Without the pictures, give every record again exactly.

Records from a collection:
════════════════════

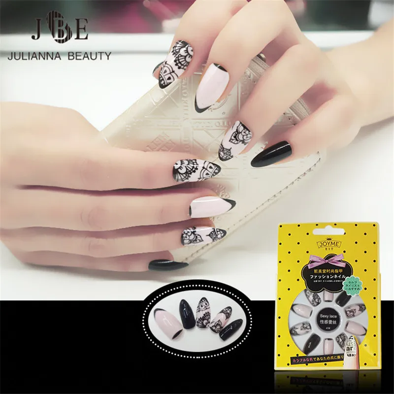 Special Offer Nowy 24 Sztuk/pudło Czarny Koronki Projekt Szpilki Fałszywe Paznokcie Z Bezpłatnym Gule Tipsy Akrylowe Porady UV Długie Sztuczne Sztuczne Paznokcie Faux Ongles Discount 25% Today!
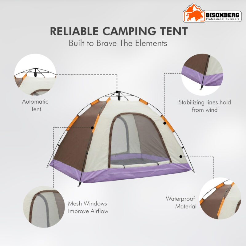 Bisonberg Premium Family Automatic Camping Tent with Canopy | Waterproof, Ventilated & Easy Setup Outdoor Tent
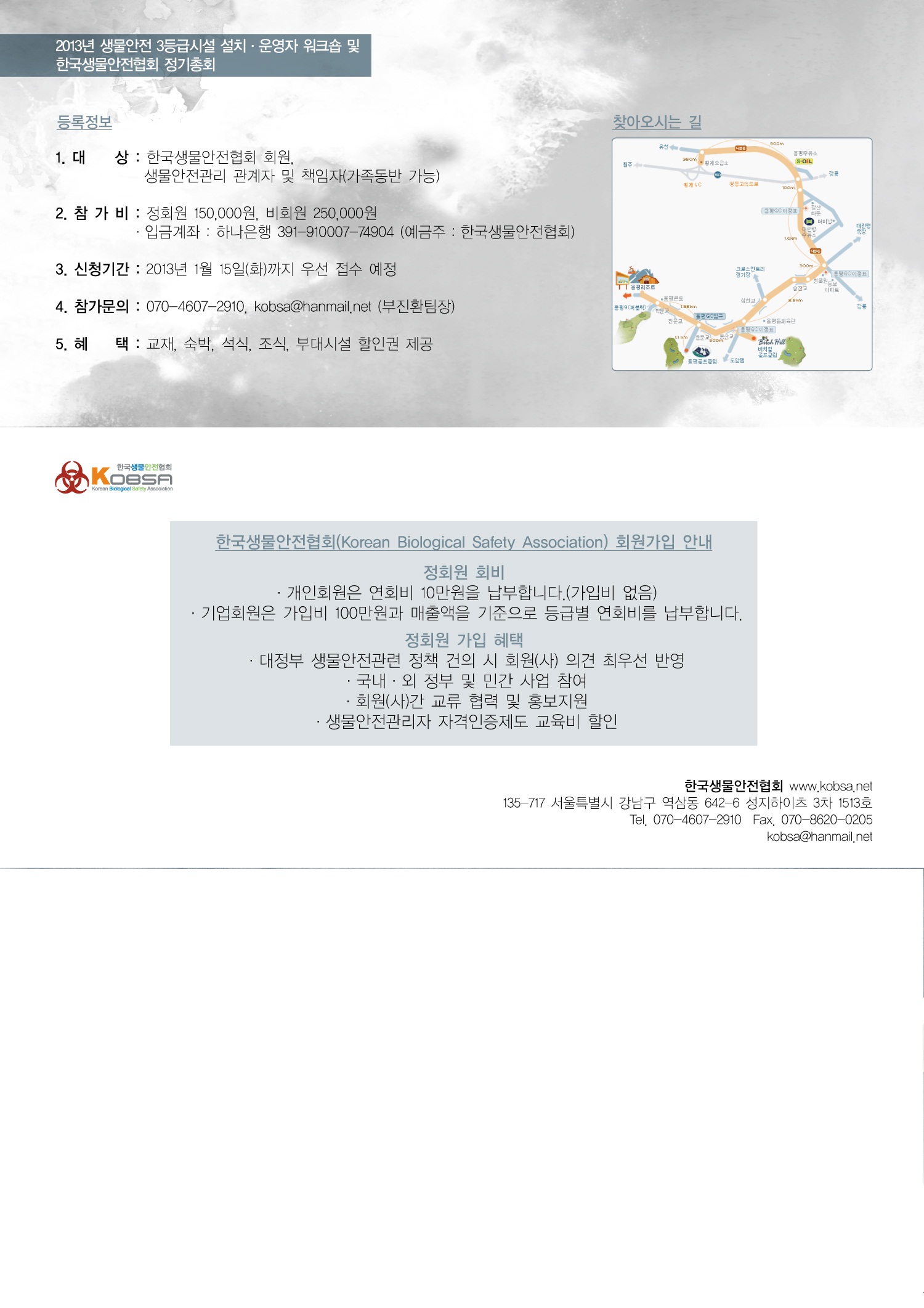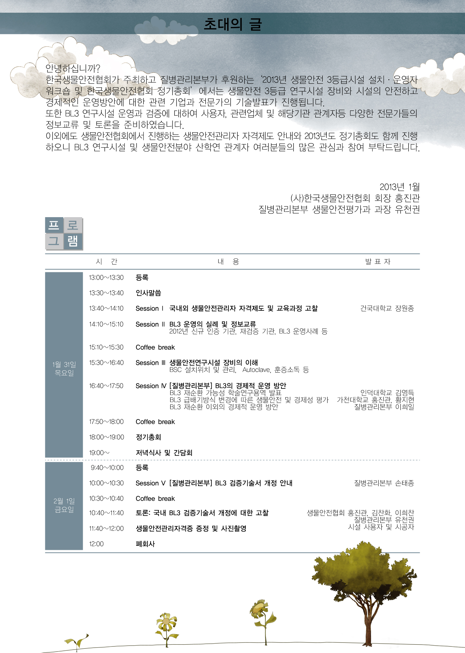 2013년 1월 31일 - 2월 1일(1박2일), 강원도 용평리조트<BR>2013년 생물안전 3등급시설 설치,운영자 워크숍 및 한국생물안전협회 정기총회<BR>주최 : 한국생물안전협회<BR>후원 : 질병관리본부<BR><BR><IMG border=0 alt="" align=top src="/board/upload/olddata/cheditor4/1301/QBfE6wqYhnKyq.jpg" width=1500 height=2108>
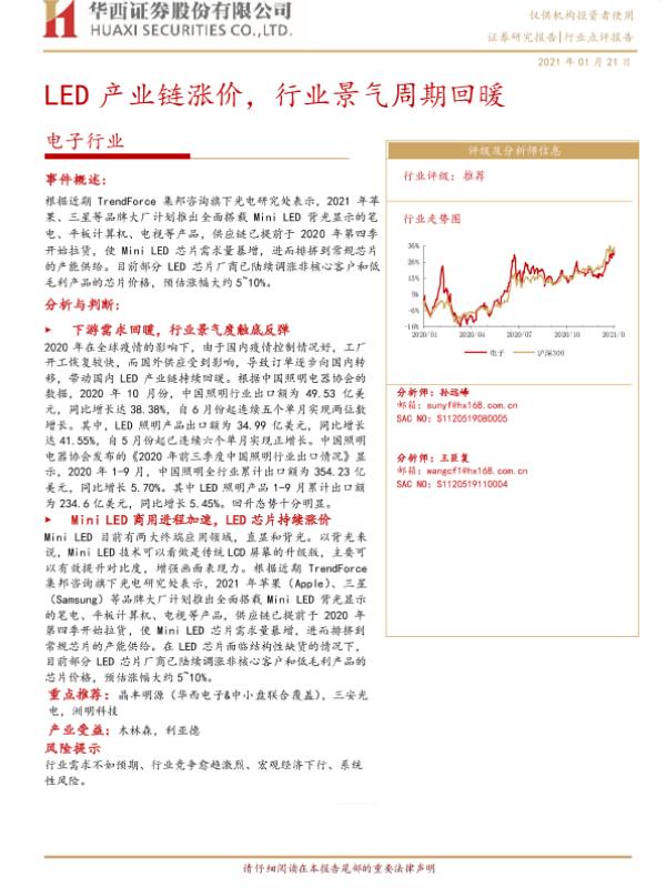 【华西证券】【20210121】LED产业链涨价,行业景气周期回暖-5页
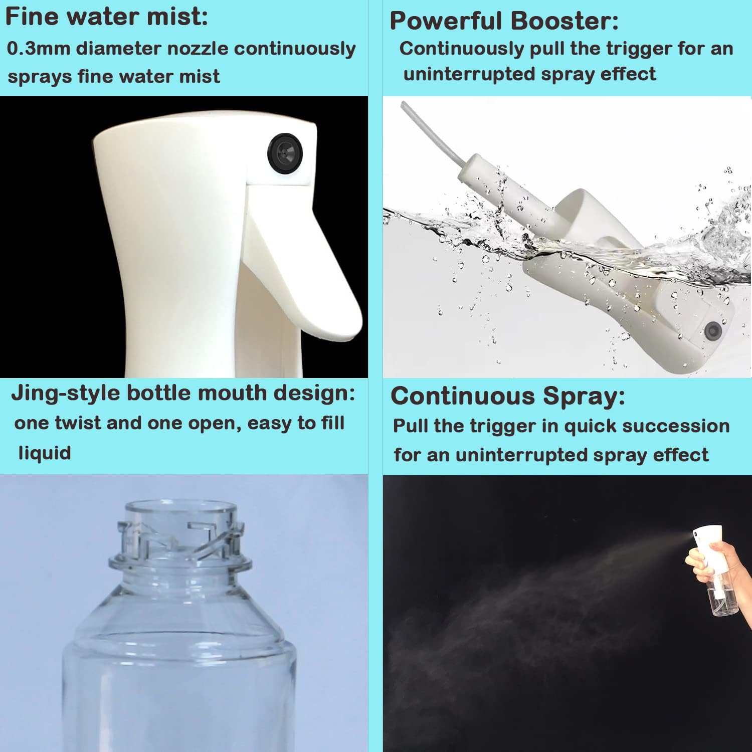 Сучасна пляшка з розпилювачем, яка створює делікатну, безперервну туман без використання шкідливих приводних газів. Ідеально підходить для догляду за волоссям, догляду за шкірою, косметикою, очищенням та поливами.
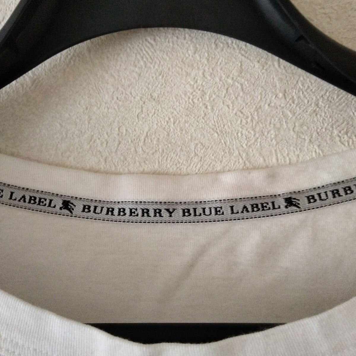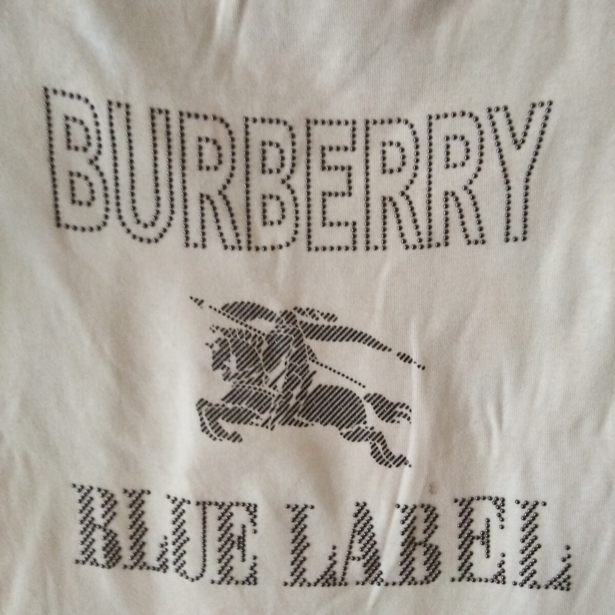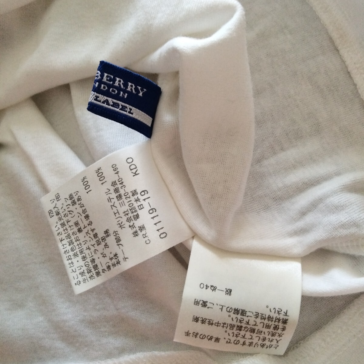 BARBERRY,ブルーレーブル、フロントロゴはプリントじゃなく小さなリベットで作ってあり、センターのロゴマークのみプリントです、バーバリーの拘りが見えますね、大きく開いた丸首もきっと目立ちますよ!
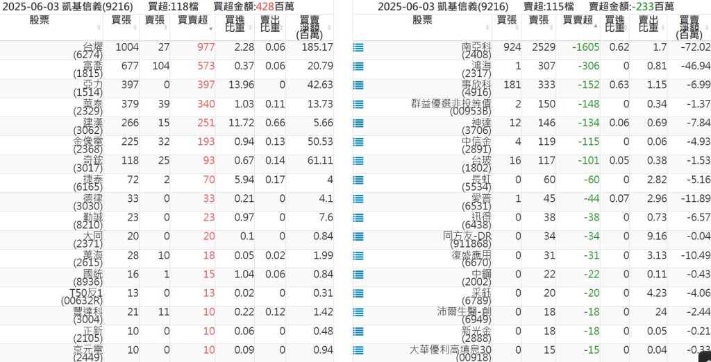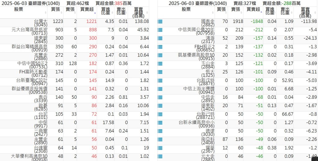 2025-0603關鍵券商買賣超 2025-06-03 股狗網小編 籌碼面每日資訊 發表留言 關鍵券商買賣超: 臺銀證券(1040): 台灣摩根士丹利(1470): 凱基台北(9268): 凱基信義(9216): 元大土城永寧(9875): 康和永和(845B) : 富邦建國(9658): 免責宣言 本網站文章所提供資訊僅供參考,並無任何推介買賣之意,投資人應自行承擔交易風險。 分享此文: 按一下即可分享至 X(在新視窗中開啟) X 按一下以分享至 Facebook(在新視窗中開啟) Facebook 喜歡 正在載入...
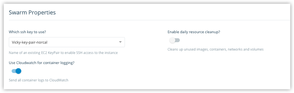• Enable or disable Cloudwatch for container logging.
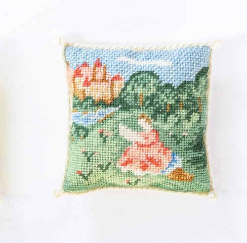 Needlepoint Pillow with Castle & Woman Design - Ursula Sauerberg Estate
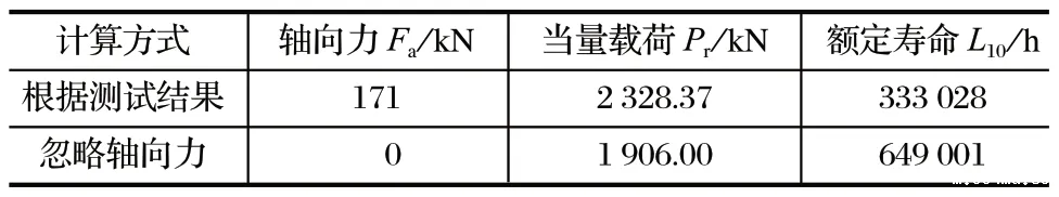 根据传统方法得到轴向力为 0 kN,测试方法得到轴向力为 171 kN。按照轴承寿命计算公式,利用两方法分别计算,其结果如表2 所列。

════════════════════

• _Expected answer_:
 Special Offer Nowy 24 Sztuk/pudło Czarny Koronki Projekt Szpilki Fałszywe Paznokcie Z Bezpłatnym Gule Tipsy Akrylowe Porady UV Długie Sztuczne Sztuczne Paznokcie Faux Ongles Discount 25% Today!
 Bisonberg Premium Family Automatic Camping Tent with Canopy | Waterproof, Ventilated & Easy Setup Outdoor Tent
 2013년 1월 31일 - 2월 1일(1박2일), 강원도 용평리조트<BR>2013년 생물안전 3등급시설 설치,운영자 워크숍 및 한국생물안전협회 정기총회<BR>주최 : 한국생물안전협회<BR>후원 : 질병관리본부<BR><BR><IMG border=0 alt="" align=top src="/board/upload/olddata/cheditor4/1301/QBfE6wqYhnKyq.jpg" width=1500 height=2108>
 【华西证券】【20210121】LED产业链涨价,行业景气周期回暖-5页
 Сучасна пляшка з розпилювачем, яка створює делікатну, безперервну туман без використання шкідливих приводних газів. Ідеально підходить для догляду за волоссям, догляду за шкірою, косметикою, очищенням та поливами.
 BARBERRY,ブルーレーブル、フロントロゴはプリントじゃなく小さなリベットで作ってあり、センターのロゴマークのみプリントです、バーバリーの拘りが見えますね、大きく開いた丸首もきっと目立ちますよ!
 2025-0603關鍵券商買賣超 2025-06-03 股狗網小編 籌碼面每日資訊 發表留言 關鍵券商買賣超: 臺銀證券(1040): 台灣摩根士丹利(1470): 凱基台北(9268): 凱基信義(9216): 元大土城永寧(9875): 康和永和(845B) : 富邦建國(9658): 免責宣言 本網站文章所提供資訊僅供參考,並無任何推介買賣之意,投資人應自行承擔交易風險。 分享此文: 按一下即可分享至 X(在新視窗中開啟) X 按一下以分享至 Facebook(在新視窗中開啟) Facebook 喜歡 正在載入...
• Enable or disable Cloudwatch for container logging.
 Needlepoint Pillow with Castle & Woman Design - Ursula Sauerberg Estate
 根据传统方法得到轴向力为 0 kN,测试方法得到轴向力为 171 kN。按照轴承寿命计算公式,利用两方法分别计算,其结果如表2 所列。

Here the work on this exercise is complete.